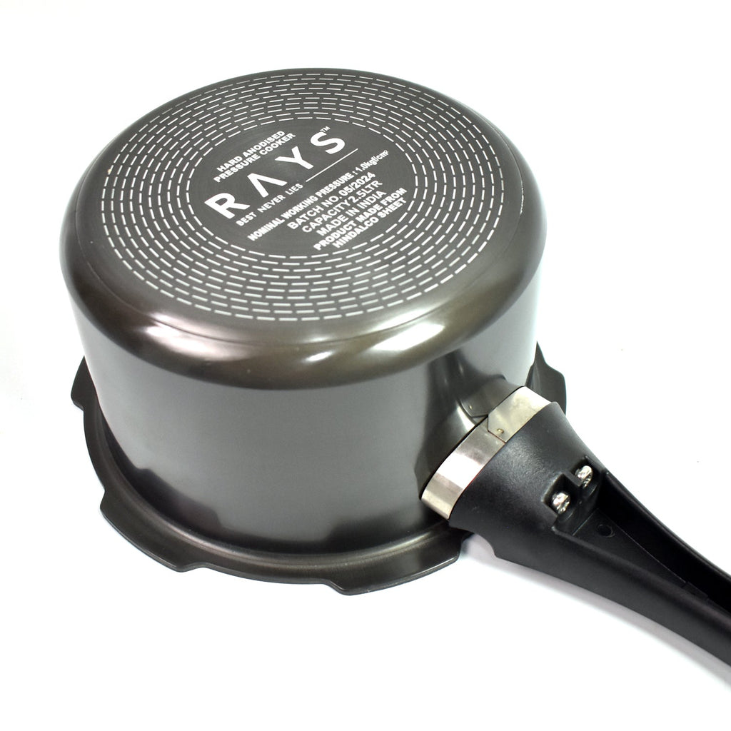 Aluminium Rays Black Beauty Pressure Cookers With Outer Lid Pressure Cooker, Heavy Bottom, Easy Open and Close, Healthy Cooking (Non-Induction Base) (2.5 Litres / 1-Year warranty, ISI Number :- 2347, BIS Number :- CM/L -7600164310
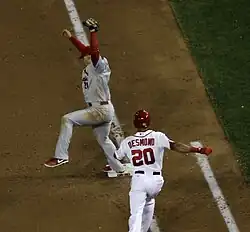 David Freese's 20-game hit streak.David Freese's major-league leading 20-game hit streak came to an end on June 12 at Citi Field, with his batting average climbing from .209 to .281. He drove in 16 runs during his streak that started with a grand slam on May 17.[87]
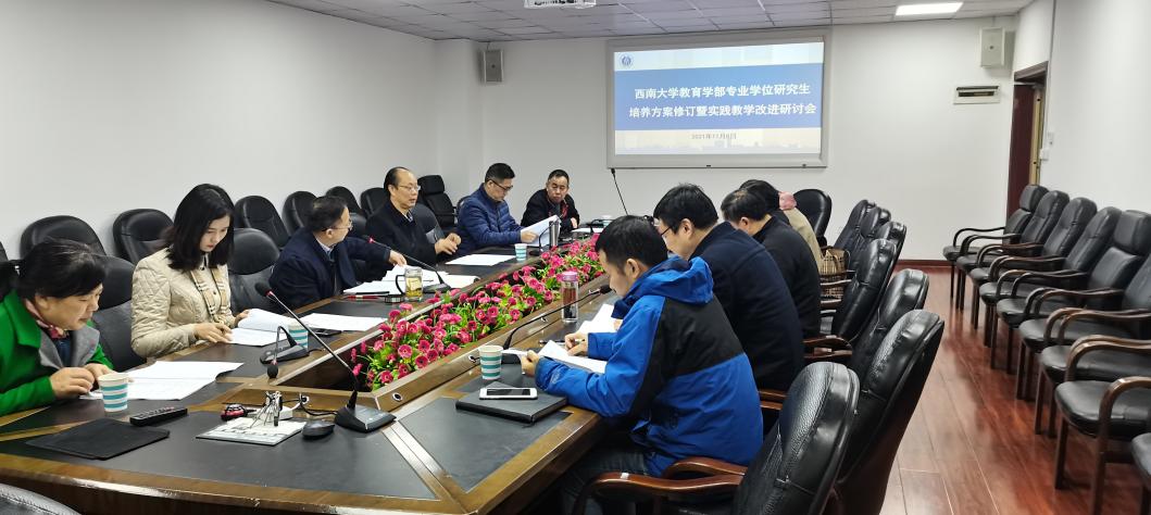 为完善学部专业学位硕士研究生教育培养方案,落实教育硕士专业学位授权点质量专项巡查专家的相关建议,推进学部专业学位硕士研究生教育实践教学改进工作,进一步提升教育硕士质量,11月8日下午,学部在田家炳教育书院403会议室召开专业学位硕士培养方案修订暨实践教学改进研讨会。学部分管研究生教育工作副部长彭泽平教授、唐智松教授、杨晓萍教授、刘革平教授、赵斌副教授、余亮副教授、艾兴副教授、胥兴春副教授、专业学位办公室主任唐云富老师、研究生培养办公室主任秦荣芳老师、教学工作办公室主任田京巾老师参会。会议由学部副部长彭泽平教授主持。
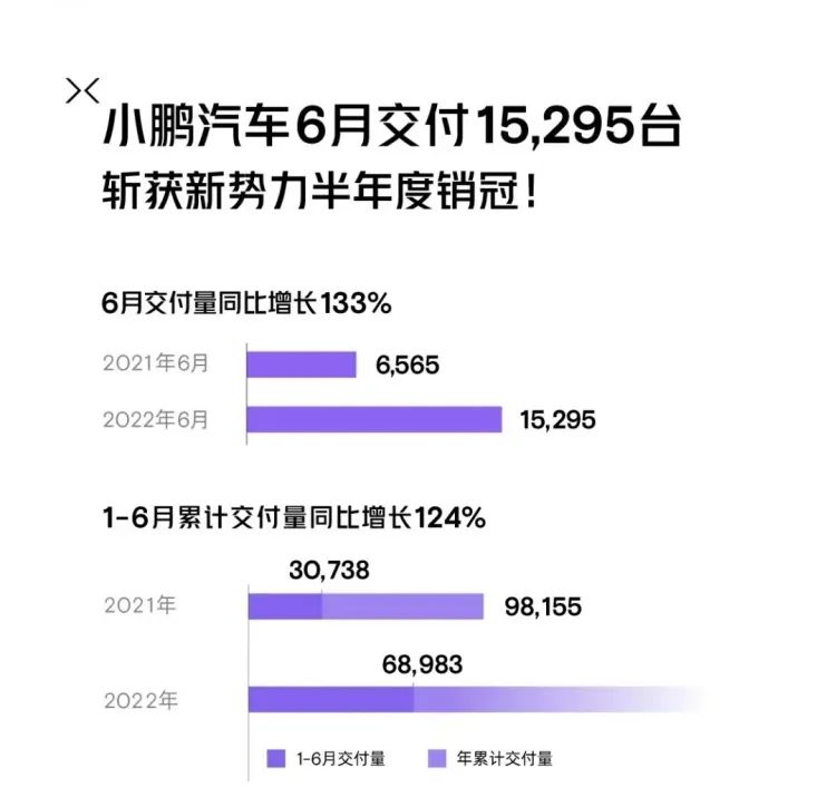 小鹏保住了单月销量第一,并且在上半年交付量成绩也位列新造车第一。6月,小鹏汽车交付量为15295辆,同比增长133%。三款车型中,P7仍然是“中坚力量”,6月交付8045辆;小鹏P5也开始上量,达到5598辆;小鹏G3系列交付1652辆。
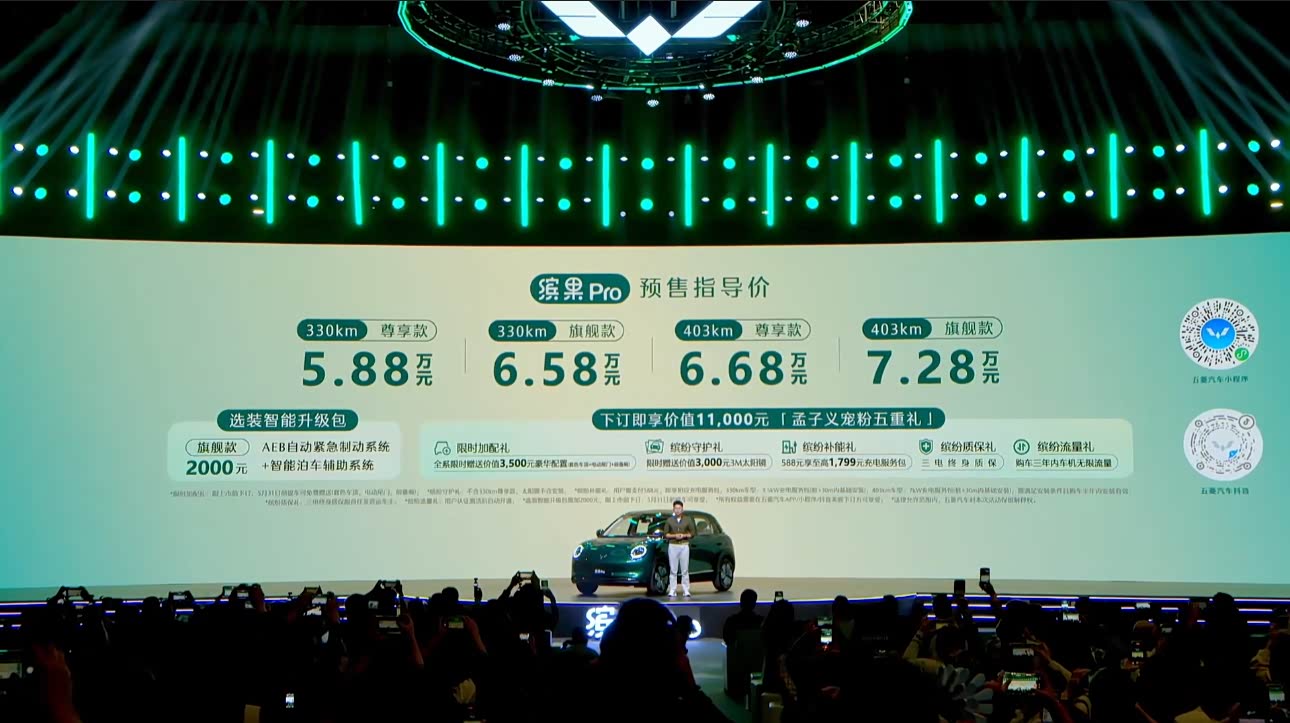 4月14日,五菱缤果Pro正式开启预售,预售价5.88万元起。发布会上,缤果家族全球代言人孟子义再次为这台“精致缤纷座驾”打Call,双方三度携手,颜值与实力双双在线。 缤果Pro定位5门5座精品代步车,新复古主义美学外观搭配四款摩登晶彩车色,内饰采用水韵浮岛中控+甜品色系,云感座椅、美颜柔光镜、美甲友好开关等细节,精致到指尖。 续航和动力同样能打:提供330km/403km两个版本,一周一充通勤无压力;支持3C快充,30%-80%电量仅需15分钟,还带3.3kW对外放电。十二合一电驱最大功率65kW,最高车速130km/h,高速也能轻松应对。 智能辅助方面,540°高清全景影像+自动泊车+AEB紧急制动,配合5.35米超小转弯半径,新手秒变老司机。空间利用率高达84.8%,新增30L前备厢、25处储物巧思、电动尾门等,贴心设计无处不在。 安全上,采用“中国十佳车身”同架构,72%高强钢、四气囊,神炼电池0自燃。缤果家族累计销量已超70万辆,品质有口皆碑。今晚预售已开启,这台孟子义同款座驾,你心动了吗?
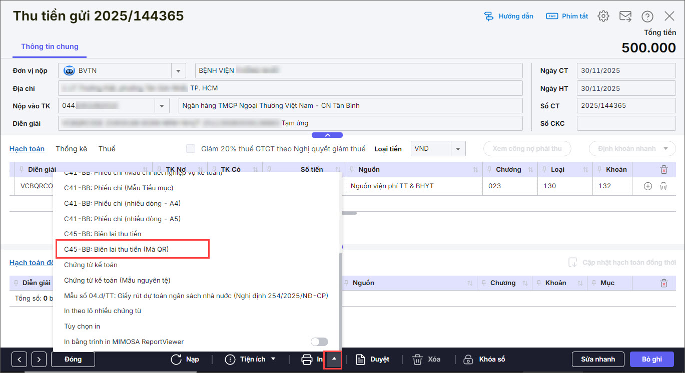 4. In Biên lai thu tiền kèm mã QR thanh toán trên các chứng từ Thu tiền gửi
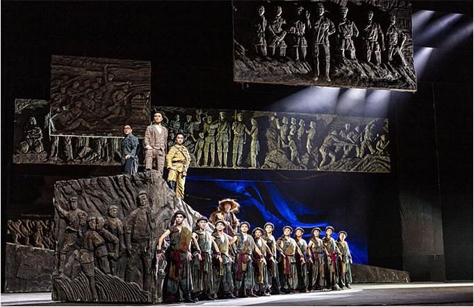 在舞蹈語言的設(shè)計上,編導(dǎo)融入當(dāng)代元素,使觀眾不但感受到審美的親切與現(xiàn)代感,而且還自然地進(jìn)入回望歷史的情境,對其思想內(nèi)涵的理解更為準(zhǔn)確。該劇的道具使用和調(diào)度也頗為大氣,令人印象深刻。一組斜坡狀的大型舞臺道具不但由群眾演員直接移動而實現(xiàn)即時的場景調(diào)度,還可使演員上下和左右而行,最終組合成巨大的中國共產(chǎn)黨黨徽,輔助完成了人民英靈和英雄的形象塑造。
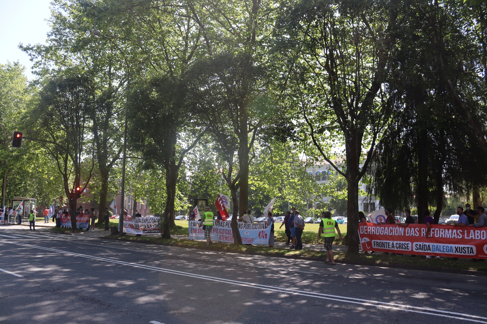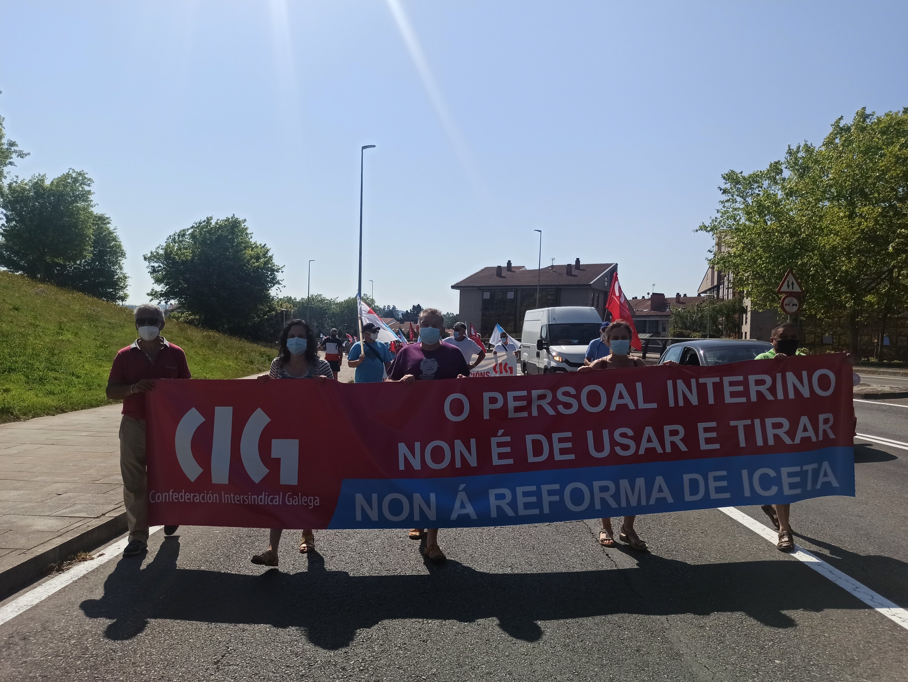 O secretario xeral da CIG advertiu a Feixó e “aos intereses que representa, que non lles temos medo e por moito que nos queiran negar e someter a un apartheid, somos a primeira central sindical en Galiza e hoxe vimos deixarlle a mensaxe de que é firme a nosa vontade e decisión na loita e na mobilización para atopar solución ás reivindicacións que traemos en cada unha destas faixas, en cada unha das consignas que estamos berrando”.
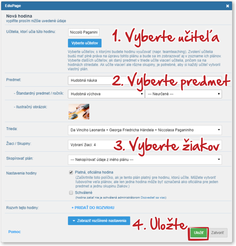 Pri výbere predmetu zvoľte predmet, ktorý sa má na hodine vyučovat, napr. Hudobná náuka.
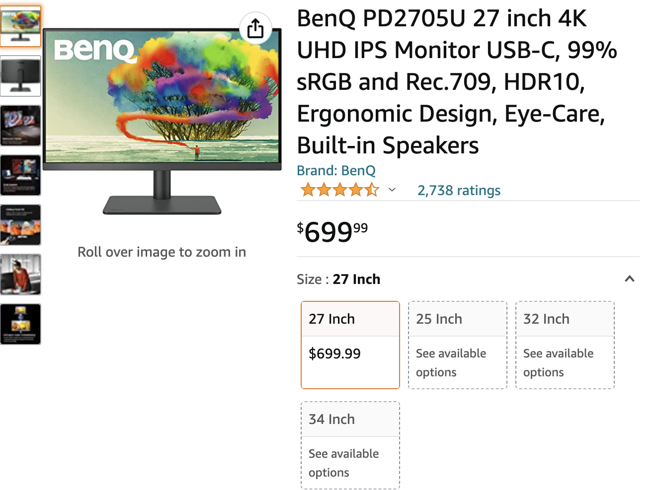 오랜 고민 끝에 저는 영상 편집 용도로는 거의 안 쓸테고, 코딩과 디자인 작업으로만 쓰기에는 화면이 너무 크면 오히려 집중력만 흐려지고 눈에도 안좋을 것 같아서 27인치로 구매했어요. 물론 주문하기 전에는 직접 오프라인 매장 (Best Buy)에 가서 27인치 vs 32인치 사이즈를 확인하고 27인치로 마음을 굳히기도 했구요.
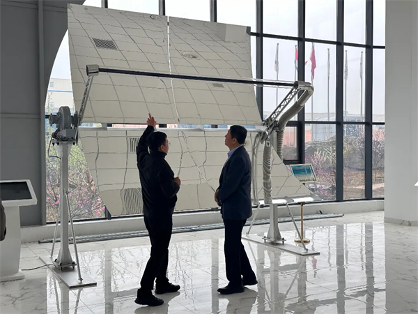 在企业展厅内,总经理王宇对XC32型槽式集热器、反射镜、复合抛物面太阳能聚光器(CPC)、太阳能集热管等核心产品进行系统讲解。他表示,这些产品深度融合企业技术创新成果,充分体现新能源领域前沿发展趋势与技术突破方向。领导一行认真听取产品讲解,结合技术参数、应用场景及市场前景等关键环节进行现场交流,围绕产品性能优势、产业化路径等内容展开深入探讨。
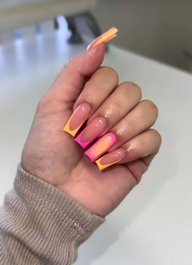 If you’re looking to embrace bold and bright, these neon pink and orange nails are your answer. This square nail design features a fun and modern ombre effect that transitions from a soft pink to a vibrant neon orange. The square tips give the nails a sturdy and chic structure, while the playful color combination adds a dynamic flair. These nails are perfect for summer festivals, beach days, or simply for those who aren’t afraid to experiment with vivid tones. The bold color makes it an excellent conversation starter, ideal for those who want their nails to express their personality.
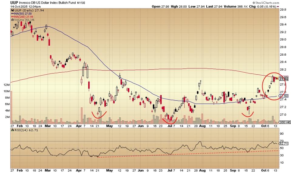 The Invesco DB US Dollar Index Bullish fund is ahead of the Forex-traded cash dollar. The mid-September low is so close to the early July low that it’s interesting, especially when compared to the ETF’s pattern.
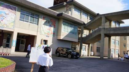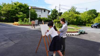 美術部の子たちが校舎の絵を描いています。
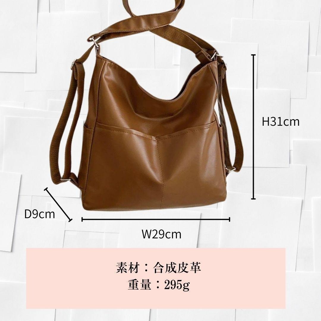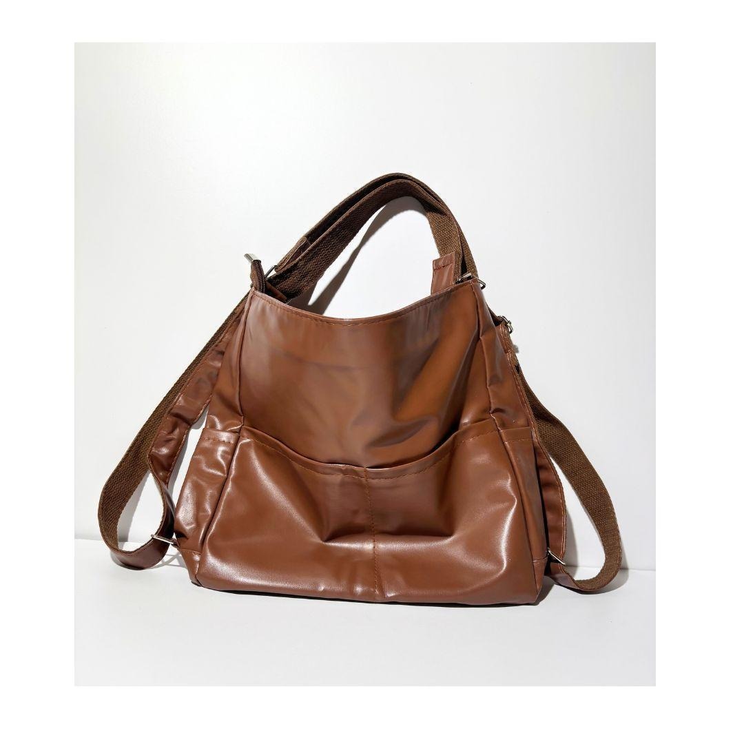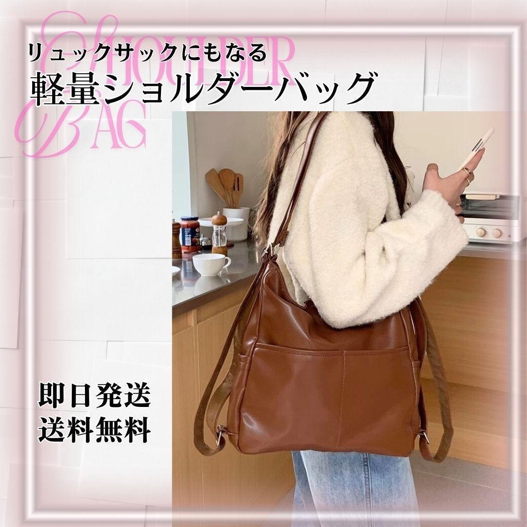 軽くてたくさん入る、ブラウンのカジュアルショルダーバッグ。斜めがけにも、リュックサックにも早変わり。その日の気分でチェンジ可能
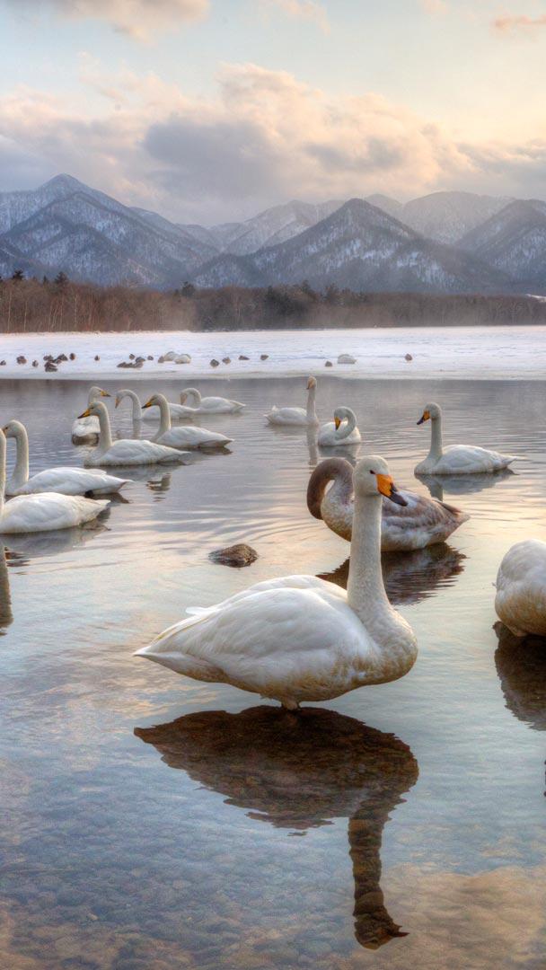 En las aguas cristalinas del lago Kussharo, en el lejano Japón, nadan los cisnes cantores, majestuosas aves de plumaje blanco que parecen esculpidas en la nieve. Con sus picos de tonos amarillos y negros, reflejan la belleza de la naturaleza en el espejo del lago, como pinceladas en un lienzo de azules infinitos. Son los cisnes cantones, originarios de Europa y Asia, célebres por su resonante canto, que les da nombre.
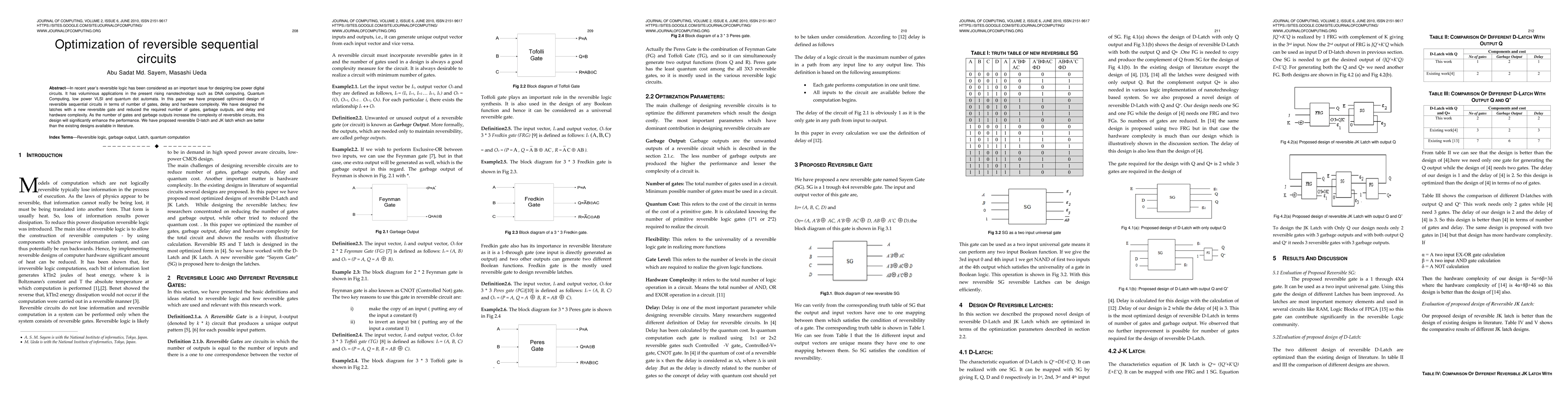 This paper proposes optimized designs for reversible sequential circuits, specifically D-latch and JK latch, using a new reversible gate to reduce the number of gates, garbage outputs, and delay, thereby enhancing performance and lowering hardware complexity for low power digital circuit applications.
|---|
• What the task asks
The line containing "If you’re looking" marks the start: set down exactly that line and every line after it through the last line of the data, without any pictures.

• Exercise answer
 If you’re looking to embrace bold and bright, these neon pink and orange nails are your answer. This square nail design features a fun and modern ombre effect that transitions from a soft pink to a vibrant neon orange. The square tips give the nails a sturdy and chic structure, while the playful color combination adds a dynamic flair. These nails are perfect for summer festivals, beach days, or simply for those who aren’t afraid to experiment with vivid tones. The bold color makes it an excellent conversation starter, ideal for those who want their nails to express their personality.
 The Invesco DB US Dollar Index Bullish fund is ahead of the Forex-traded cash dollar. The mid-September low is so close to the early July low that it’s interesting, especially when compared to the ETF’s pattern.
 美術部の子たちが校舎の絵を描いています。
 軽くてたくさん入る、ブラウンのカジュアルショルダーバッグ。斜めがけにも、リュックサックにも早変わり。その日の気分でチェンジ可能
 En las aguas cristalinas del lago Kussharo, en el lejano Japón, nadan los cisnes cantores, majestuosas aves de plumaje blanco que parecen esculpidas en la nieve. Con sus picos de tonos amarillos y negros, reflejan la belleza de la naturaleza en el espejo del lago, como pinceladas en un lienzo de azules infinitos. Son los cisnes cantones, originarios de Europa y Asia, célebres por su resonante canto, que les da nombre.
 This paper proposes optimized designs for reversible sequential circuits, specifically D-latch and JK latch, using a new reversible gate to reduce the number of gates, garbage outputs, and delay, thereby enhancing performance and lowering hardware complexity for low power digital circuit applications.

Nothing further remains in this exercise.